This study attempted to investigate the potential of the parameter adjustments in the transfer learning of three popular pretrained CNNs: AlexNet, GoogLeNet, and SqueezeNet, which are known to have least prediction and training iteration times among other pretrained CNNs reported from the ImageNet Large-Scale Visual Recognition Challenge [9]. If these fine-tuned networks can achieve desired performance in the classification of COVID-19 chest X-ray images by a configuration in such a way to highly perform the task, then the contribution of the findings to the coronavirus pandemic relief would be significant. This is because it can facilitate the urgent need for rapidly deploying AI tools to assist clinicians in making optimal clinical decisions by saving time, resources, and technical efforts in developing models that may result in the same or lower performance.

The new contribution of this study is the finding of the relatively simple yet powerful performance of several fine-tuned pretrained CNNs that can produce better accuracy in classifying COVID-19 chest X-ray data with less training effort than other existing deep-learning models.

Related works

Peer-reviewed works that are related to the study presented herein are described as follows.

The Bayes-SqueezeNet [10] was introduced for detecting the COVID-19 using chest X-rays. The proposed net consists of the offline augmentation of the raw dataset and model training using the Bayesian optimization. The Bayes-SqueezeNet was applied for classifying X-ray images labeled in 3 classes as normal, viral pneumonia, and COVID-19. Using the data augmentation, the net claimed to overcome the problem of imbalanced data obtained from the public databases.

As another CNN, the CoroNet [11] was developed for detecting COVID-19 infection from chest X-ray images. This model was based on the pretrained CNN known as the Xception [12]. CoroNet adopted the Xception as base model with a dropout layer and two fully-connected layers added at the end. As a result, CoroNet has 33,969,964 parameters in total out of which 33,969,964 trainable and 54,528 are non-trainable parameters. The net was applied for 3-class classification (COVID-19, pneumonia, and normal) as well as 4-class classification (COVID-19, pneumonia bacterial, pneumonia viral, and normal).

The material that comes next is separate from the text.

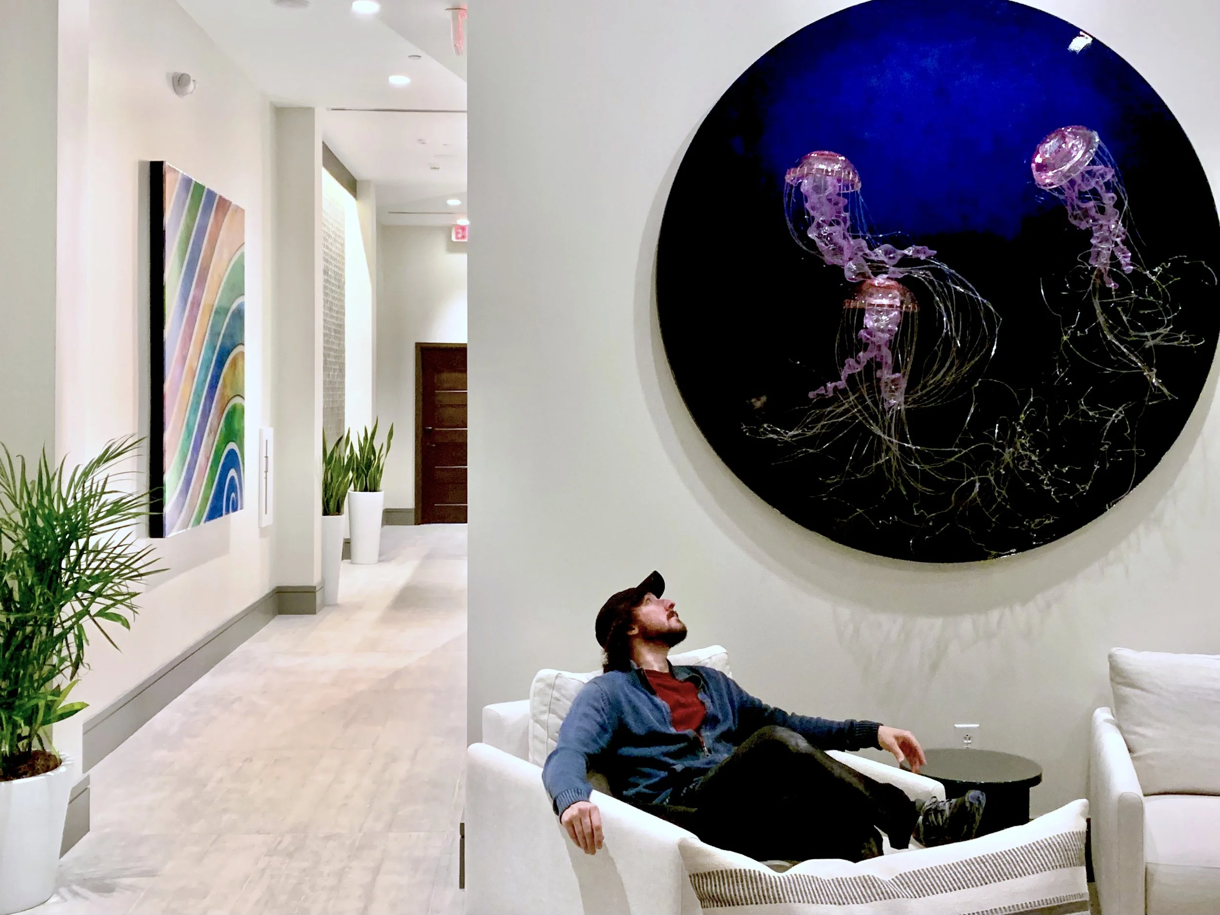 Kevin Moss is a multimedia sculptor and painter, based in Virginia. Known for his unique cast-resin jellyfish wall-sculptures, process-based abstract paintings, and site-specific, large-scale installations and sculptures that have a focus on the natural world and our connections with the environment… through playful and imaginative twists.

The CovidGAN [13] was proposed as an auxiliary classifier generative adversarial network based on GAN (generative adversarial network) [15] for the detection of COVID-19. The architecture of the CovidGan was built on the pretrained VGG-16 [14], which is connected with four custom layers at the end with a global average pooling layer followed by a 64 units dense layer and a dropout layer with 0.5 probability. The net further utilized the GAN approach for generating synthetic chest X-ray images to improve the classification performance.

The DarkCovidNet [16], which was built on the DarkNet model [17], is another CNN model proposed for COVID-19 detection using chest X-rays. The DarkCovidNet consists of fewer layers and (gradually increased) filters than the original DarkNet. This model was tested for a 2-class classification (COVID-19 and no-findings) and 3-class classification (COVID-19 no-findings, and pneumonia).

The work reported in [18] implemented VGG-19 [14], MobileNet-v2 [19], Inception [20], Xception [12], and Inception ResNet-v2 [20] as pretrained CNNs for the detection of COVID-19 from X-ray images. These pretrained CNNs were applied to 2-class and 3-class classification cases using 2 datasets consisting of images of COVID-19, bacterial pneumonia, viral pneumonia, and healthy conditions.

Pretrained CNNs and training parameters for transfer learning

Three prerained CNNs, which are AlexNet [21], GoogLeNet [22], and SqueezeNet [23], were selected in this study. The reason for selecting these CNNs was that these three models require the least training time among other pretrained CNNs. The architectures and specification of training parameters for transfer learning of AlexNet, GoogLeNet, and SqueezeNet are described as follows.

First, the layer graph from the pretrained network was extracted. If the network was a SeriesNetwork object, such as AlexNet, then the list of layers was converted to a layer graph. In the pretrained networks, the last layer with learnable weights is a fully connected layer. This fully connected layer was replaced with a new fully connected layer with the number of outputs being equal to the number of classes in the new data set, which is 2 or 3, in this study. In the pretrained SqueezeNet, the last learnable layer is a 1-by-1 convolutional layer instead. In this case, the convolutional layer was replaced with a new convolutional layer with the number of filters equal to the number of classes.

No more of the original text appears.